Lineham Falls

June 13, 2021. A hike up the valley between Waterton’s two tallest peaks leading to a spectacular waterfall.

  • Region: Waterton Lakes National Park. Traditional Territory of the Blackfoot, Ktunaxa, and Tsuu T’ina First Nations
  • Distance: 5.1 km one-way (if going beyond the official trail to stand next to the falls)
  • Elevation Gain: 400 m
  • Elevation of Objective: 1969 m
  • Time: 2h 10m one way
  • Safety and Disclaimer
Topo map of the route. The dashed line on the map which zig-zags to the cliffs then ascends straight up them into the hanging valley and between the Lineham Lakes does not actually exist.

The trail to Lineham Falls is mentioned in a couple of my older hiking books as a less frequently travelled trail, one where there’s a high likelihood of solitude, perhaps best saved for rainy days or shoulder season. I’m not sure why that is – the scenery is engaging all along the trail and the waterfall itself is spectacular. It would make for a good shoulder season or rainy day hike, but it’s also a great choice for a warm, sunny day. A lot of other people must feel the same way, because I’ve been seeing lots of pictures from the trail posted on Facebook groups this season. My wife and I picked a hot, cloudless, late spring day to pay the waterfall a visit.

Access is from the Akamina Parkway in Waterton. About 9 km from the townsite there is a large parking area marked Lineham. We got off to an early start and there was only one other vehicle there on our arrival. The occupants were possibly scrambling Ruby Ridge or Mount Blakiston because we reached the waterfall without encountering anyone. By the end of the day the parking area was packed. We passed numerous groups on our way down, most with dogs tagging along. If this ever was a less frequently travelled trail, the secret is definitely out.

The trail is very obvious and well maintained along its length. Lower down it passes through burned forest, but eventually it enters lush green forest that escaped the 2017 fires. A little over 3 km along, the trail breaks into the open between the imposing slopes of Mount Blakiston to the north and Mount Lineham to the south. Lineham Falls is visible, more than a kilometre distant, plunging over 100 meters down a sheer cliff. The trail re-enters the forest for a time beyond there, going alongside Lineham Creek for a time. Eventually the official portion of the trail ends rather abruptly at a boulder and little sign. The waterfall is still about a half-kilometre distant from there. A boot-beaten path carries on towards the falls. It’s easy enough to follow at first, but because less distinct as it gets nearer the falls. We found a faint trail ascending a bit onto rocky terrain above a densely treed area. Following it we eventually got to a more obvious footpath in the rubble which we followed all the way to a rocky platform adjacent to the falls. We sat there for a while to enjoy the cold spray in the hot sunshine.

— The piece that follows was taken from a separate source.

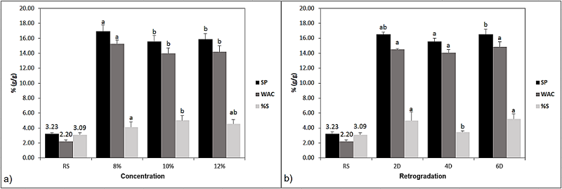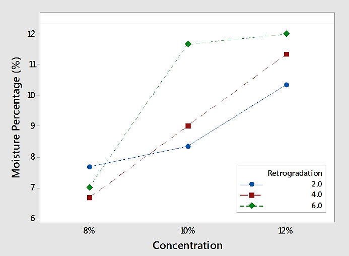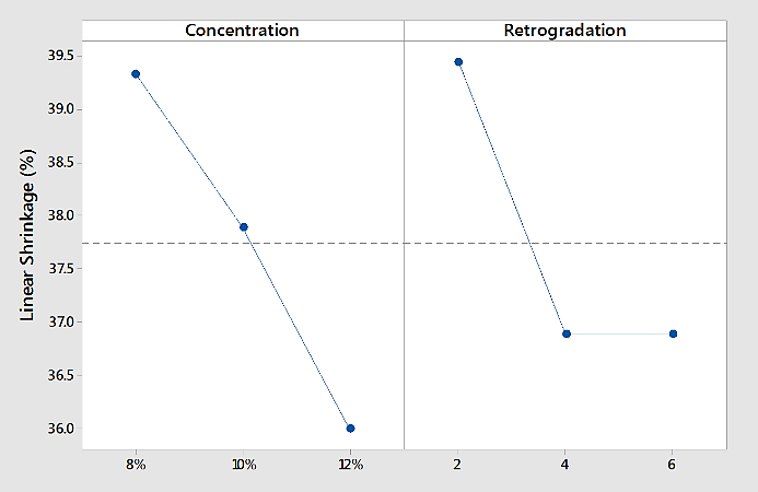 The statistical analysis of the data was carried out using Minitab 18 software with a 2-factor design (concentration and retrogradation). A one-way analysis of variance (ANOVA) was carried out with 0.05 significance, using a sample size n=3, and a general linear model to compare means.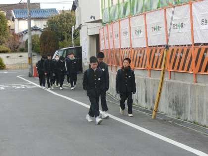 写真は、子どもたちの登校の様子です。

The waterfall is fed by a cluster of small lakes in a hanging valley above the cliffs. The lakes are best seen from Lineham Ridge. Actually travelling to the lakes is apparently possible from the waterfall side if one is a skilled technical rock climber and obtains a special permit from the Parks administration. Joey Ambrosi also describes a way to descend from Lineham Ridge down to the lakes in Southern Rockies Trail Guide. He takes pains to caution readers that the route is a dangerous one, though, so for now the lakes are safe from the crowds.

Click on the pictures in the gallery below to access full resolution images.

Route overview
The start of the trail goes through burned forest.
The trail eventually gets above the level of the burned trees and traverses. Mount Lineham is to the left.
A look back just before the trail enters the forest again. Buchanan Ridge is on the other side of the valley. The summit of Mount Alderson is at the right, rising above the intervening ridge.
Sunshine illuminates a little tree beside a thin cascade of water coming down from Mount Blakiston.
The first glimpse of Lineham Falls, still some distance down the valley.
The trail crosses this major drainage coming down from Mount Blakiston. This is the starting point for the scrambling route to the summit.
The full northern face of Mount Lineham, Waterton’s 2nd-tallest mountain.
The trail re-enters the trees for a time, running alongside Lineham Creek.
Another glimpse of the falls as the forest thins.
The end of the maintained trail. A very clear path carries on from here towards the waterfall.
Some of the great rocky terrain surrounding the valley.
Almost to the falls. The trail diverges and becomes less distinct as it gets to those trees. The best way to go wasn’t down through the trees towards the base of the falls, but staying high (to the right) and heading towards the open rocky slope beside the falls.
Lineham Falls
Looking down from where the video was recorded. The rocky platform we made our way to was well above the level of the bottom of the falls.
Looking back down the valley. Perfect day for a hike.